Heck, a 1st level barbarian with 16 hit points will be brand-new in four days. Wizards and rogues? they'll be healthy in one-third that time. That 10th level wizard with a 14 CON and 46 hit points is back to snuff in a single day of being mangled.

healing surges aren't realistic, but they're not that much different from the insanity of everything after Original D&D. :)

Here here! D&D is fantasy. No man could recover from many of the above instances within a few days. How do they do it? They are heroes, beyond the norm and built from the stuff of legends, even if some of them perhaps don't know it.
 

qstor said:
I have to admit in all fairness I've never played Savage Worlds, Rolemaster, M&M or Hero 5e. Its as a friend mentioned D&D 4e is more cinematic now than 2e or 3e with hero points and healing surges.

If you do play those - and a number of others - you'll see that D&D is playing catch-up to a concept that's been around for some time. D&D has spent most of it's life as a cinematic game shackled by a weird amalgamation of wargame rules.
 

Knightlord said:
Here here! D&D is fantasy. No man could recover from many of the above instances within a few days. How do they do it? They are heroes, beyond the norm and built from the stuff of legends, even if some of them perhaps don't know it.
It's also about how fun it is to play. During my education I have been at surgical, orthopedic and neurological clinics, I have also studied the physiology behind injuries and their healing. A game based on that would suck. So, you barbarian got hit in the head by a hill giant? Well, now he has to spend three months learning how to chew again. The arm that got broken? With a cast and physiotherapy, he will be able to use that arm again in two months! Stabbed in the gut? Well, no luck for you, mr barbarian. Without modern healthcare or magical healing, you will die, and soon.

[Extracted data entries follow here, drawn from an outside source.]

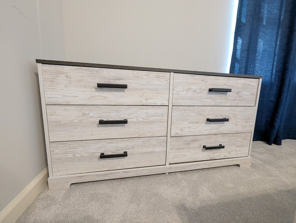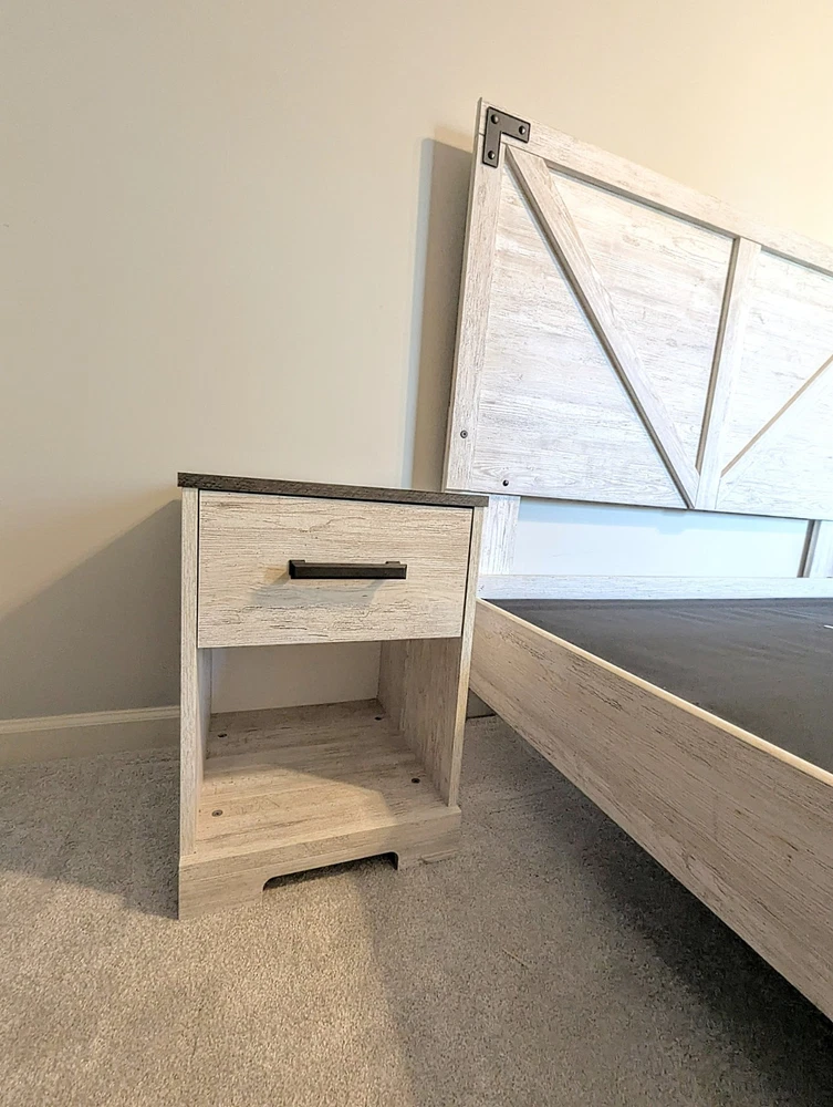 White wash Bedroom Set- •Dresser: length 52 and 3/4in, height 26 and 1/4in, width 16in •Queen Size Bed: length 7ft, height 52 and 1/2in, width 63 and 1/2in •Nightstands: length 16in, height 22 1/4in, width 16in One nightstand has some mild scratches (shown in picture)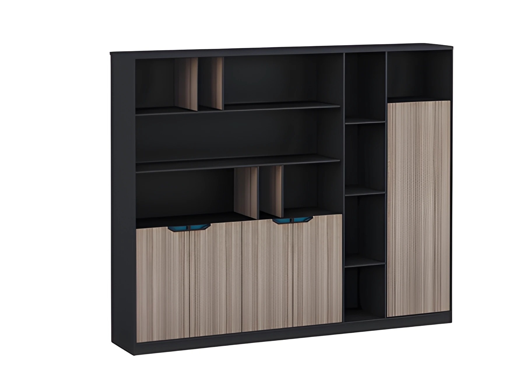 Büroschrank Regalwand Holzoptik Braun Schwarz Türen Fächer Ordner Modern Blau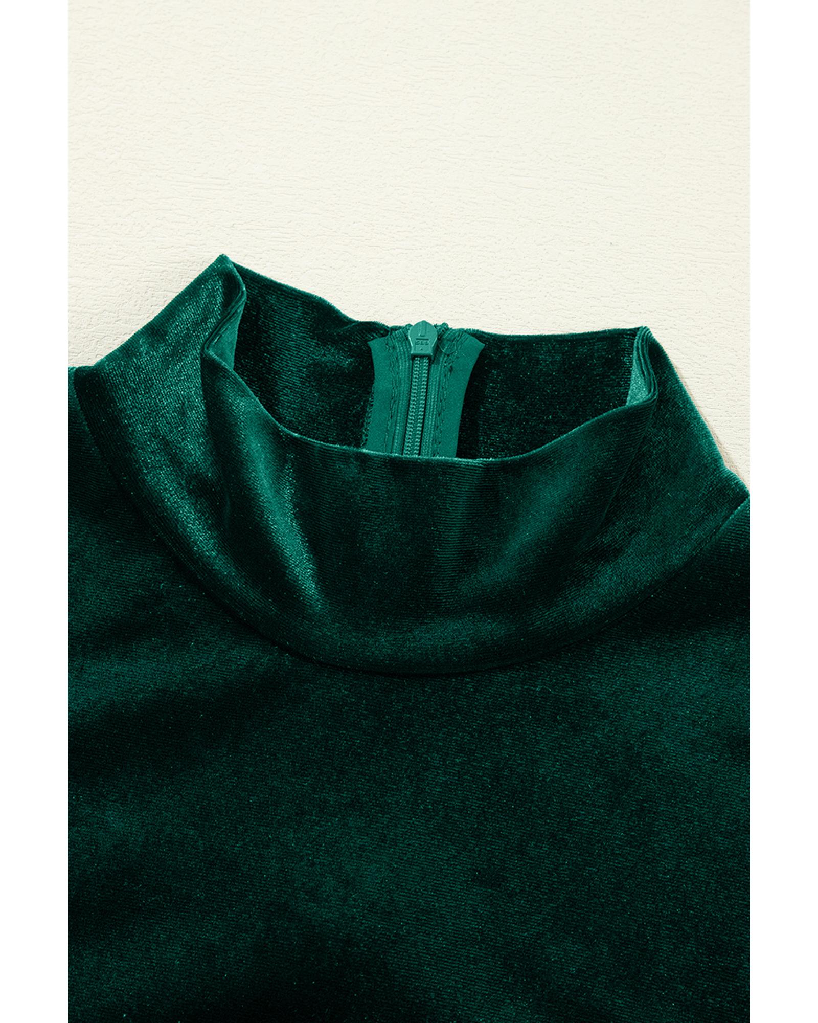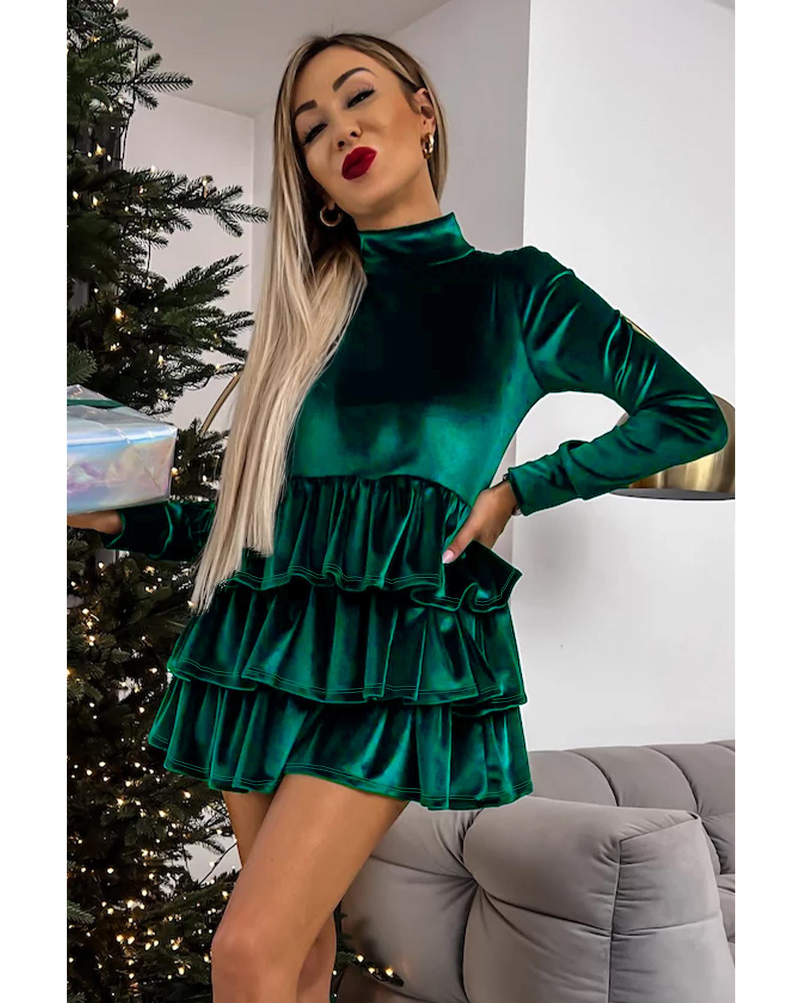Evergreen Velvet High Neck Tiered Ruffle Mini Dress – XL

I much rather have PCs heal in one day than even trying to have realistic healing times. Instead of hospitals, all PCs will be far too reliant on magical healing if they ever get hurt. If they don't have magical healing, roll up new PCs after one knife to the gut. Not "heroic" in my sense of the word.
 

med stud said:
It's also about how fun it is to play. During my education I have been at surgical, orthopedic and neurological clinics, I have also studied the physiology behind injuries and their healing. A game based on that would suck. So, you barbarian got hit in the head by a hill giant? Well, now he has to spend three months learning how to chew again. The arm that got broken? With a cast and physiotherapy, he will be able to use that arm again in two months! Stabbed in the gut? Well, no luck for you, mr barbarian. Without modern healthcare or magical healing, you will die, and soon.

I much rather have PCs heal in one day than even trying to have realistic healing times. Instead of hospitals, all PCs will be far too reliant on magical healing if they ever get hurt. If they don't have magical healing, roll up new PCs after one knife to the gut. Not "heroic" in my sense of the word.